Nesting continuations allows to capture the complex behaviour of transform/join, by pushing the remaining parts of the computation in nested continuations.

(defun walk/then (form transform join then)
  (typecase form
    (cons (lambda ()
            (walk/then (car form) transform join
                       (lambda (v)
                         (walk/then (cdr form) transform join
                                    (lambda (w)
                                      (funcall then (funcall join v w))))))))
    (t (funcall then (funcall transform form)))))
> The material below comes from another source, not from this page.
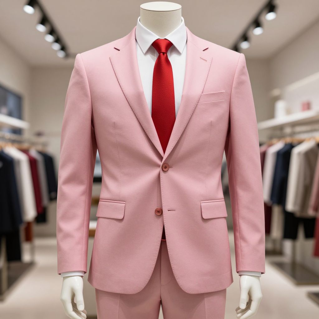 A mannequin standing confidently in a stylish store display, wearing a sharp pink suit with a crisp white shirt and a bold red tie, the outfit exuding elegance and modern sophistication. The mannequin has a sleek, humanoid form with detailed fabric textures, and its face is neutral and expressionless, typical of mannequin design, enhancing the focus on the clothing. The setting is a bright, modern retail environment with soft ambient lighting, highlighting the vibrant colors of the suit and the polished finish of the garments.

For example, (walk/then (car form) transform join (lambda (v) ...)) reads as follows: walk the car of form with arguments transform and join, and eventually call (lambda (v) ...) on the result; namely, walk down the cdr, and then join both results; eventually, call the input then on the joined result.

What is missing is a way to continually call the returned thunk until exhaustion; here is it with a loop, but this could easily be a tail-recursive function:

(loop for res = 
     (walk/then '(a (b c d) 3 2 (a 2 1) 0)
                (lambda (u) (and (numberp u) u))
                (lambda (a b) (if a (cons a b) (or a b)))
                #'identity)
   then (typecase res (function (funcall res)) (t res))
   while (functionp res)
   finally (return res))

The above returns (3 2 (2 1) 0), and the depth of the trace never goes over 2 when tracing walk/then.

See Eli Bendersky's article for another take at this, in Python.